On Tuesday, his company eliminated a restriction that capped its ability to buy back its own stock, allowing the legendary 87-year-old billionaire investor to deploy more of the conglomerate’s $108 billion of cash and equivalents.
Under the new policy, stock buybacks can be made any time that Buf- fett and Berkshire Vice Chairman Charlie Munger believe that the repurchase price is “below Berkshire’s intrinsic value, conservatively determined.”
Berkshire’s Class A shares closed at $288,500 Tuesday – roughly 1.37 times their $211,184 book value per share as of March 31.
Berkshire’s previous program provided that the price paid for repurchases would not exceed 1.2 times book value of the shares, or a 20 percent premium.
The company said it will not “initiate any share repurchases under the amended program” until it publicly releases its second-quarter results, which are scheduled after the market closes on Aug. 3.
Buffett foreshadowed such a move in May at Berkshire’s annual shareholder meeting in Omaha, Nebraska, stating “a stock buyback is more likely” than the company paying a special dividend to its investors.
The new, looser buyback parameters are a sign that Berkshire’s acquisition strategy isn’t bearing fruit, said Cathy Seifert, an analyst at CFRA, a Wall Street research firm.

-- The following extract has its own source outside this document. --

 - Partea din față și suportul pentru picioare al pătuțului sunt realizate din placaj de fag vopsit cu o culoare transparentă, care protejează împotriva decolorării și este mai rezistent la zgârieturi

“While we share the market’s enthusiasm for this change,” Seifert wrote, “we note this shift in capital allocation also reflects an acquisition strategy that has not yielded the results Berkshire desired.”

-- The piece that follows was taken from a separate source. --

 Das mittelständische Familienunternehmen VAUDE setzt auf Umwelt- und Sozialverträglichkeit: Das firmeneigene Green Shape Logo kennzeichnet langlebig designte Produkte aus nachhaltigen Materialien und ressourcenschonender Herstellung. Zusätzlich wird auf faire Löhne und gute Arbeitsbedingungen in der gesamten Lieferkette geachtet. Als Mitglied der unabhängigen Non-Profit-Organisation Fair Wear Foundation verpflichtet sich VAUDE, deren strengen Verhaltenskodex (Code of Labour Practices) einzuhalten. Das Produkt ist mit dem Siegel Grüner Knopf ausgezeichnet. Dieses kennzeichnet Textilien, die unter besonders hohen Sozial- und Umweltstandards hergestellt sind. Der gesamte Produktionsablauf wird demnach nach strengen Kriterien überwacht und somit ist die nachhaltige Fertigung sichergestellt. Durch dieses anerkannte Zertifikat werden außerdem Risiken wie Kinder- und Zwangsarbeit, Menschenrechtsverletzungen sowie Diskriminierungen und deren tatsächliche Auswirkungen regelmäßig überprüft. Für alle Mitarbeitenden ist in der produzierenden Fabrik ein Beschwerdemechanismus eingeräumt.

Buffett’s last megadeal was in 2015, when he paid more than $30 billion for Precision Castparts, a maker of aerospace and other parts.
Berkshire Hathaway owns roughly five dozen businesses in industries from railroads and retail to auto insurance and industrial manufacturers.
Buffett’s stable of well-known brands include ice cream retailer Dairy Queen, battery-maker Duracell and auto insurer Geico.
Buffett himself has said that high market prices have kept him from using his cash hoard to acquire big companies that could boost Berkshire’s earnings power and make better use of low-yielding cash.
“Berkshire’s goal is to substantially increase the earnings of its non-insurance group,” Buffett wrote in February in his annual letter to shareholders.
“For that to happen, we will need to make one or more huge acquisitions. Despite our recent drought of acquisitions, Charlie and I believe that from time to time Berkshire will have opportunities to make very large purchases,” he wrote.
Berkshire reported a rare net loss of $1.1 billion in the first three months of this year, but that was largely because of a new rule that requires it to report unrealized gains or losses in stock investments as net income.
This represented Berkshire’s first quarterly loss since 2009.